Storm Hannah

Storm Hannah

Telyn Protects Her Three Eggs in a Terrifying Storm

Easter this year was the hottest on record.

Fast forward eggsactly a week and we experienced a ferocious Storm Force 10 weather event on the Dyfi with temperatures down to freezing and winds gusting over 80mph. And our friends overseas wonder why the Brits are always talking about the weather!

By Friday afternoon we knew that Telyn's clutch this year was going to be three eggs - same as last year.

A trio of eggs again in 2019

MWT - Three eggs 2019

Four-egg Clutches

Ospreys can and do lay four eggs, probably around 3-5% of all UK breeding females will lay a quartet of eggs, but three is by far the norm.

For a four-egg clutch both birds need to be back at their nest site early in the season, be established with each other, have good weather, a continuous food supply and a dollop of luck. Sometimes all four eggs will hatch and all the chicks survive to migration age, but a whole set of optimum conditions need to be in place for this to occur.

A four-egg clutch at Boulder County, Colorado
 

Boulder County, Colorado USA, 4-egg clutch

The Four-egg Paradox

We've had a combined 40 years' worth of osprey breeding in Wales this century spread over six nests. As far as we know, not one of these nests has produced more than three eggs in one year (notwithstanding 2015 at the Glaslyn - an aberration year due to the female laying seven eggs with several males being around following the failure of her established male, Ochre 11(98), to return).

So you'd eggspect at least one, maybe two, four-egg clutches in that time? It hasn't happened.

However, there are plenty of eggsamples of Welsh-related ospreys laying four eggs. Three Glaslyn birds have, in fact, had four-egg clutches:

Yellow 37 + Unringed Female 2015
Four eggs - First known four-egg clutch in England/Wales.
Intruder attacked unringed female as she brooded the eggs, one accidentally displaced from nest cup. Three chicks hatch, but one subsequently dies.

White YA + Unringed female 2016
Four eggs - Four chicks hatched, four chicks raised to fledging age.

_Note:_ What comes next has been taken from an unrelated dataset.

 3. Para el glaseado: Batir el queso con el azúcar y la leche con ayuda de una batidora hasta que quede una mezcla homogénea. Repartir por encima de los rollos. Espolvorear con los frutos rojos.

White YA + Same unringed female 2017
Four eggs - Three chicks hatched and raised to fledging stage, egg three probably the non-surviving chick. Camera failure occurred during incubation period and not fixed until chicks had hatched.

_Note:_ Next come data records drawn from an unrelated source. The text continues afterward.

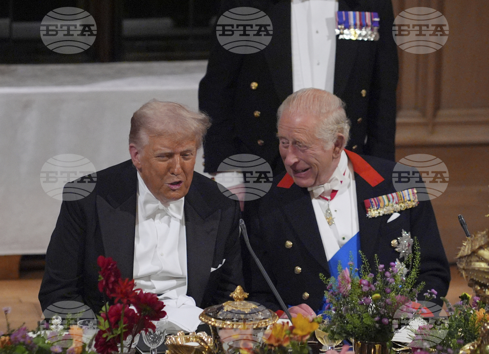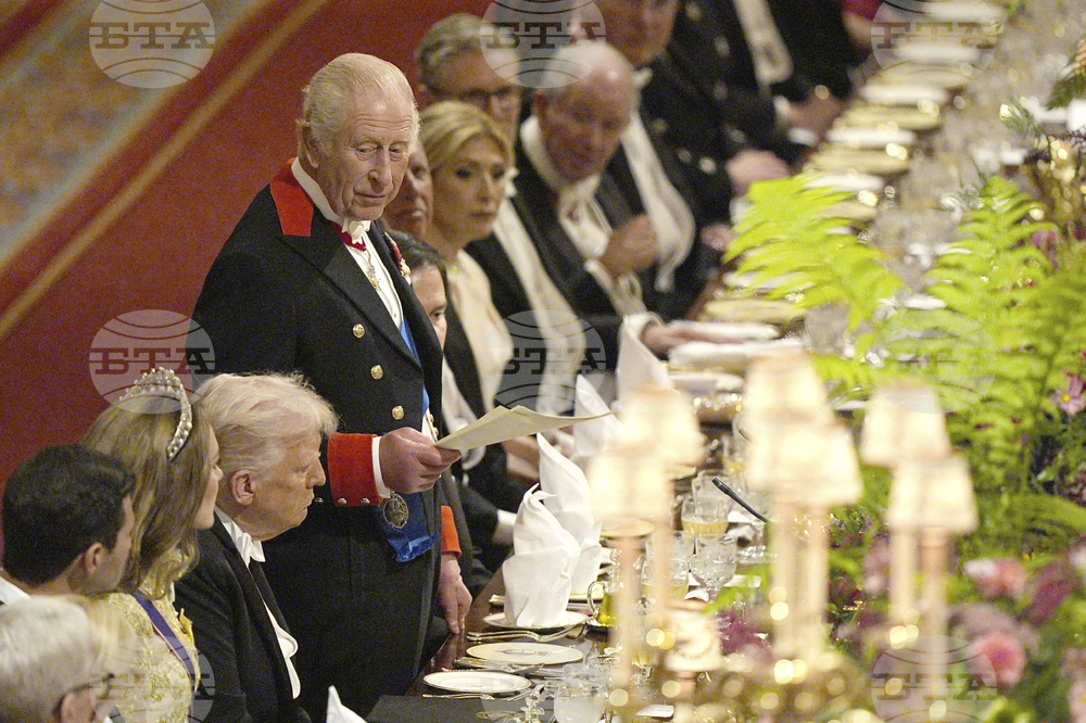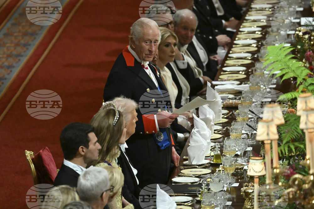 Britain's King Charles stands beside U.S. President Donald Trump to deliver a speech at a State Banquet in Windsor Castle, England, on day one of U.S. President Donald Trump and First Lady Melania Trump's second state visit to the UK, Wednesday Sept. 17, 2025. (Andrew Caballero-Reynolds/Pool Photo via AP)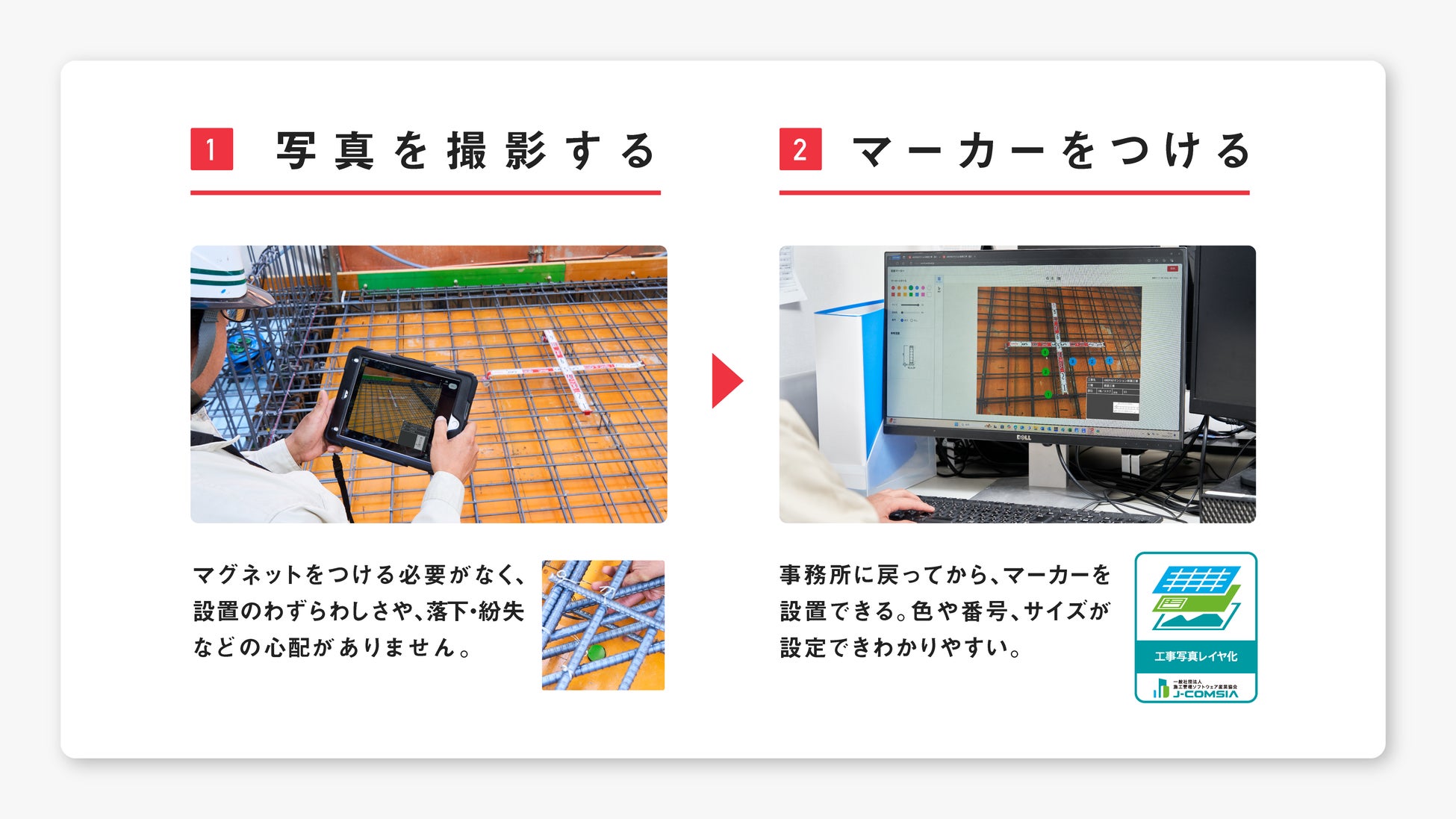 「配筋マーカー」は、撮影済みの鉄筋写真に電子マーカーを付与し、それらの写真を用いて台帳を作成したり、写真のダウンロードができる機能です。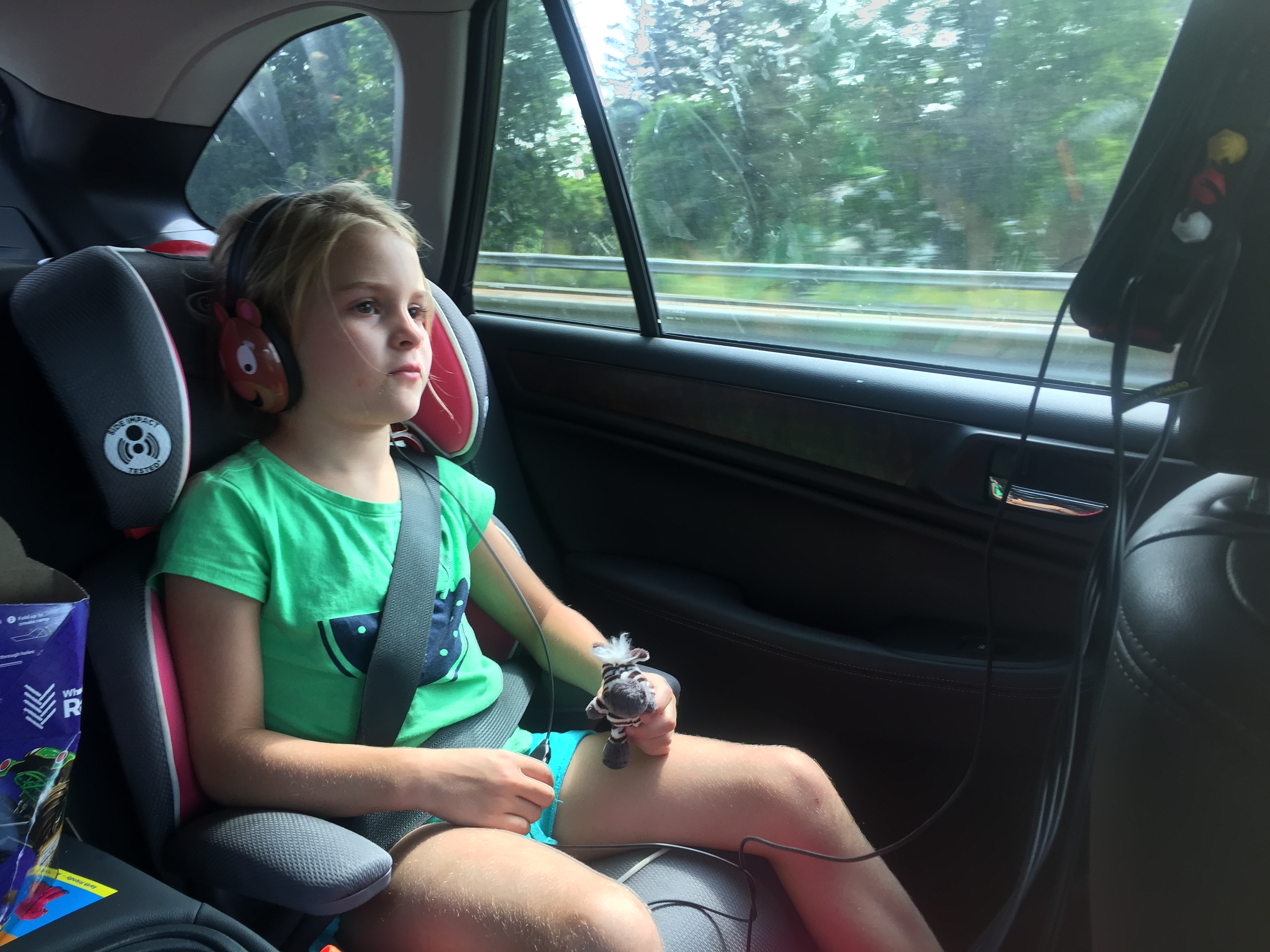 I was determined to make a Cowles style “go-go-go” weekend so I had googled family activities around Canandaigua and it turns out there is plenty to do.  I reserved two spots at the Bristol Aerial Park for Saturday morning even though I was quietly skeptical about how much the kids would enjoy it.  It is at the top of Bristol mountain which is accessible by unpaved road.   After we arrived we headed to the equipment area and I could tell Phoebe was concerned about the harness.   Ellie is not put off by much and we headed out to the two kids courses which the website had promised did not exceed 5 feet above ground (the adult courses being closer to 100 feet).  I felt that at that height I could still help them with my gangly arms but it turned out that 5 feet was a pretty lowball estimate.  The course consists of a series of wiggly walkways strung between trees and a wire above it to break your fall via the harness.  The girls made it about 50% of the way through with all the coaxing and coddling I could provide and then Phoebe lost it.  This required a staff member to go up and reverse her path and swap her with everybody else moving along the course.   He got them off and moved them to a section where they could run and hang from their harnesses which entertained them for a while and then we headed back to Canandaigua.

White YA + Same unringed female 2019
Four eggs

Black 80 + Blue KC 2016
Four eggs - Four chicks hatched and raised successfully to fledging stage.

A four-egg clutch at Kielder in 2017

© Forestry Commission England. Four egg clutch at Kielder, 2017

© Forestry Commission England

Many thanks to Joanna and Heather for help compiling the data.

Storm Hannah

Usually when we have storms, and named ones at that, in the UK, the media are all over them. Storm Hannah seems to have crept in without much fanfare - at least as far as I could tell.

The first I knew about Hannah was a comment by one of our followers on the DOP Facebook page on Friday morning. By Friday night, this storm was as serious as any storm I'd seen on the Dyfi.

Hannah making her way in from the Atlantic

Storm Hannah weather April 2019

As the sun went down everything seemed normal, just a bit gusty with winds up to 50mph forecast in the early hours.

Telyn incubating her three eggs on Friday evening

Telyn. © MWT

Telyn. © MWT

By midnight, however, it was obvious Hannah was no 50mph storm. It was chillingly cold with wind speeds by now gusting over 60mph.

Telyn protects her three eggs in a terrifying April storm

MWT - Telyn protecting 3 eggs during Storm Hannah April 2019

Gusting over 80mph, Telyn is battered by parts of the nest becoming dislodged.

© MWT. Telyn covered by sticks and nest material during Storm Hannah

The osprey nest was not the only dwelling to be damaged by Storm Hannah, our DOP visitor centre also took the brunt.

We get to work making safe several trees that had blown down before opening at 10am

MWT - Trees downed over DOP visitor centre during Storm Hannah

Despite being ferocious, thankfully Hannah didn't stay too long. By mid-morning we were down to 50mph winds again and by the time the power was restored mid-afternoon, she was down to a much more manageable 20mph.

We're also thankful that Hannah came in late April and not late May when we'll have, hopefully, small chicks. Day-old chicks and storms really don't go well with each other. Let's hope we don't get one of Hannah's siblings until the autumn now.

Here's a quick video of how Storm Hannah came through the Dyfi yesterday morning:

As always, a massive thanks to all the volunteers, egg-watch and engagement folks, that were simply brilliant over the weekend. We couldn't do this without you.